* [Description of the task]
Output the full listing exactly as written, with no pictures in it.

* [Provided data]

BEGIN

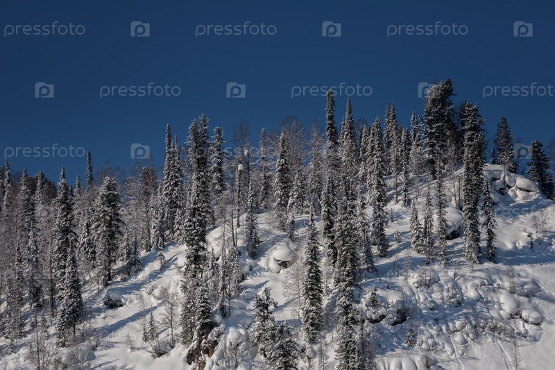 Кузбасс, Горная Шория зимой. Снежные заносы в зимнем лесу. Вершина горы с хвойными деревьями в снегу
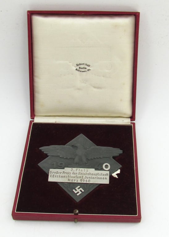 Plaque "Grosser Prize der Reichshauptstadt im Eiskunstlaufen für Juniorinnen, March 1940"in case
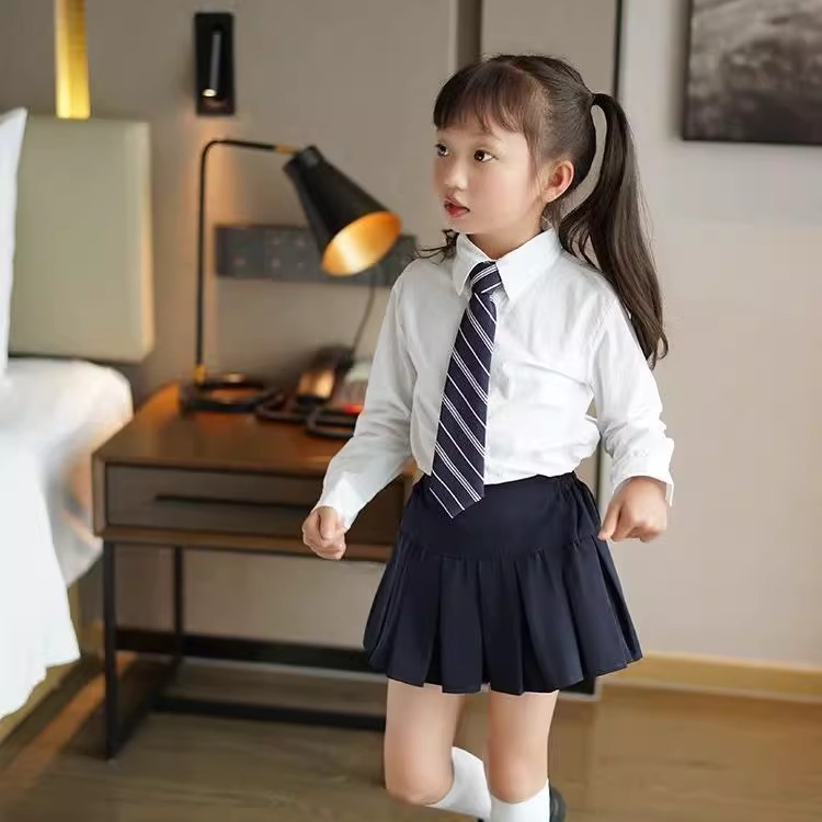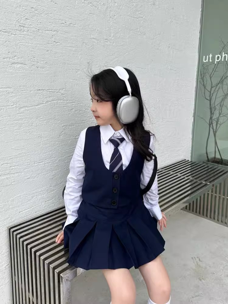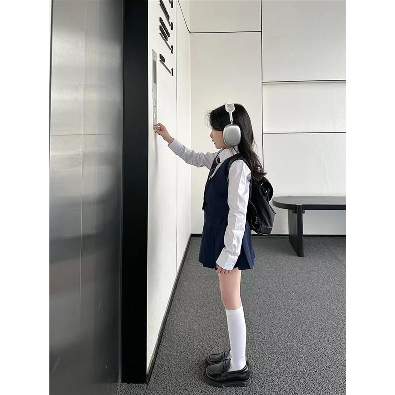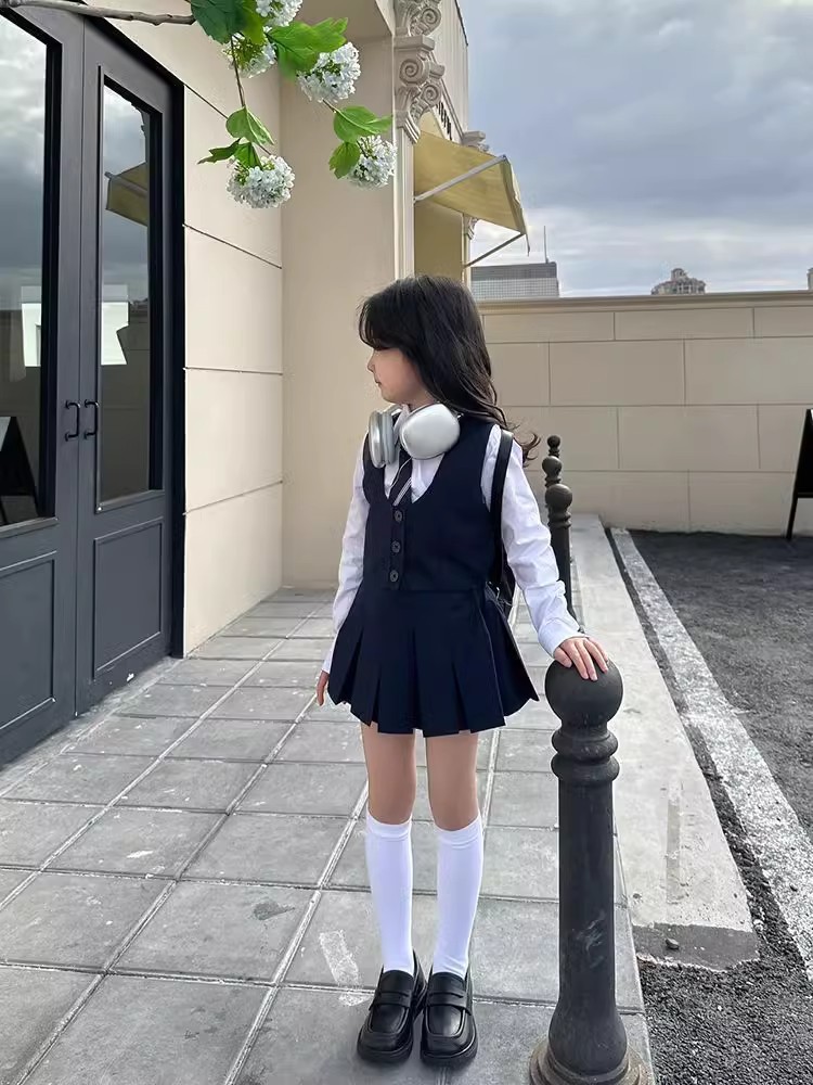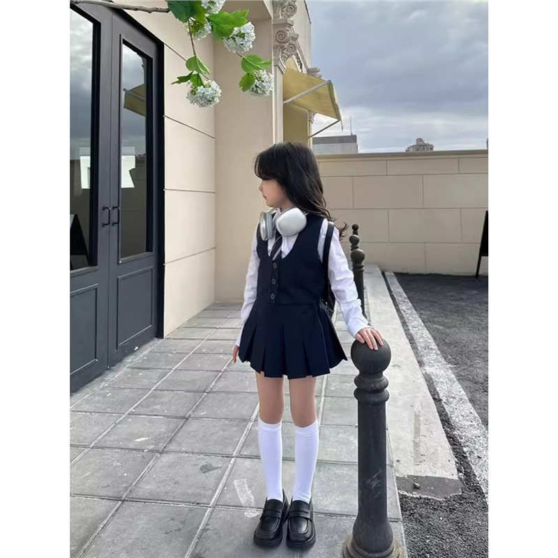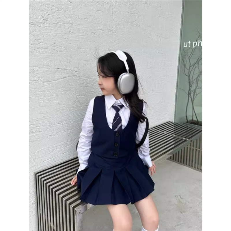 Девушки весенне-осенний жилет белая рубашка плиссированная юбка набор из трех частей 2024 новая детская школа ветрокостюм юбка
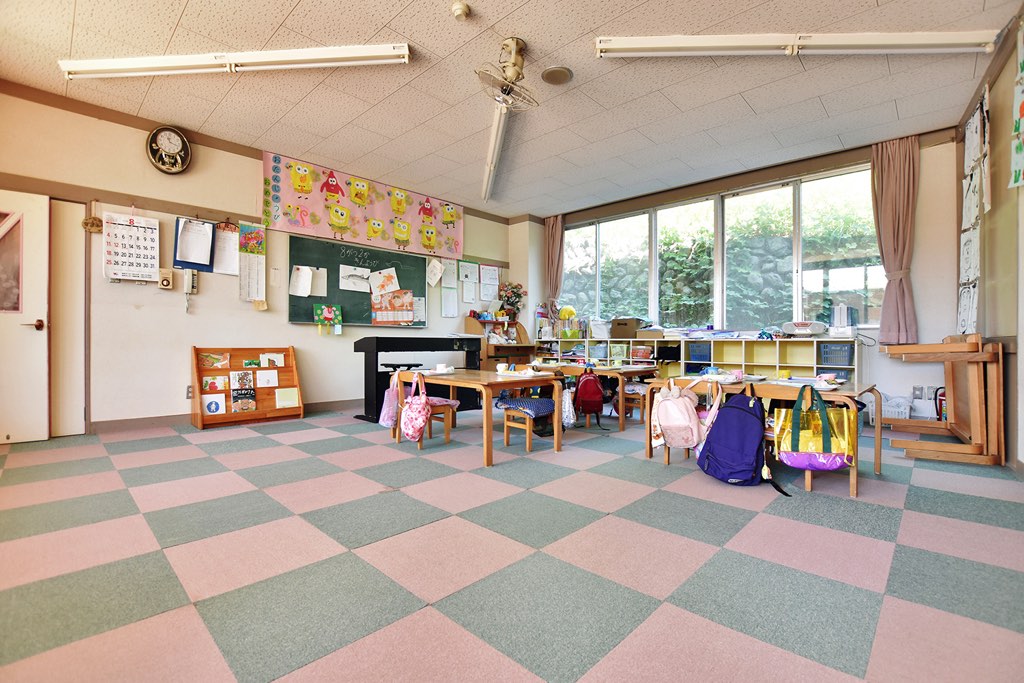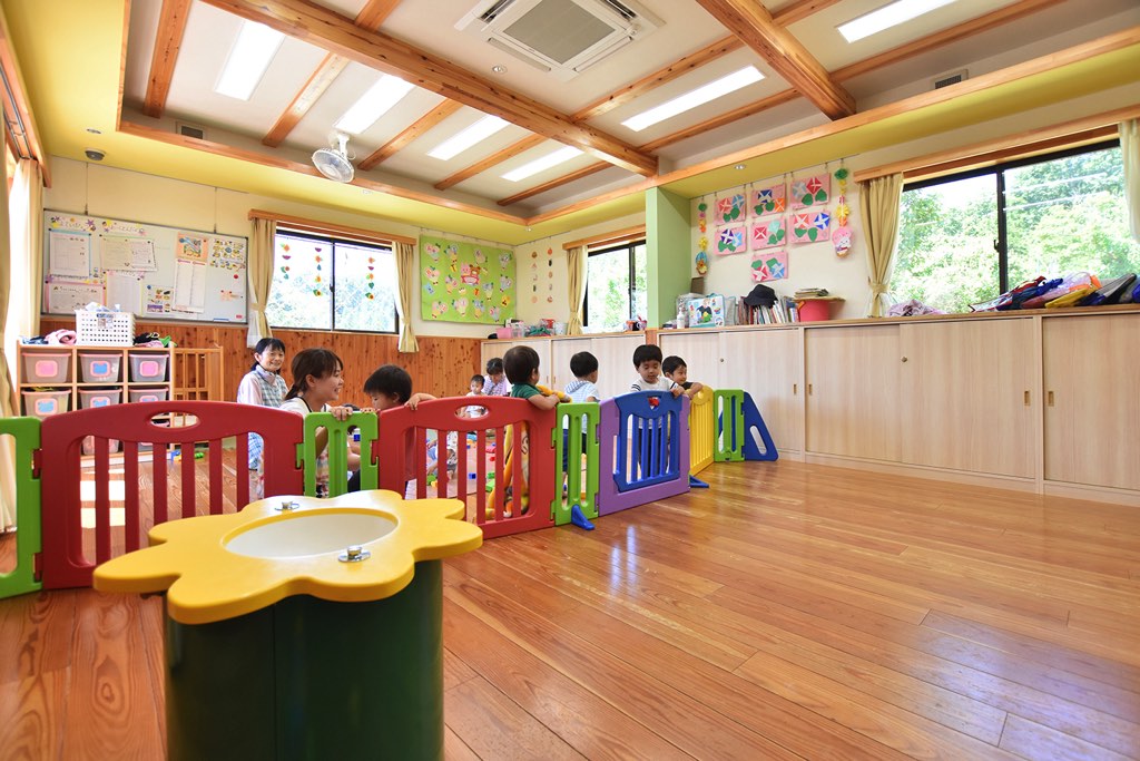 教室には無垢の木材が使わた環境に優しいお部屋。木材のブラウンが落ち着いた雰囲気で穏やかな心が養われそう。木の香りに包まれて、こども達の笑顔も一段とほがらか。

END

* [Written solution]
 Кузбасс, Горная Шория зимой. Снежные заносы в зимнем лесу. Вершина горы с хвойными деревьями в снегу
 Plaque "Grosser Prize der Reichshauptstadt im Eiskunstlaufen für Juniorinnen, March 1940"in case
 Девушки весенне-осенний жилет белая рубашка плиссированная юбка набор из трех частей 2024 новая детская школа ветрокостюм юбка
 教室には無垢の木材が使わた環境に優しいお部屋。木材のブラウンが落ち着いた雰囲気で穏やかな心が養われそう。木の香りに包まれて、こども達の笑顔も一段とほがらか。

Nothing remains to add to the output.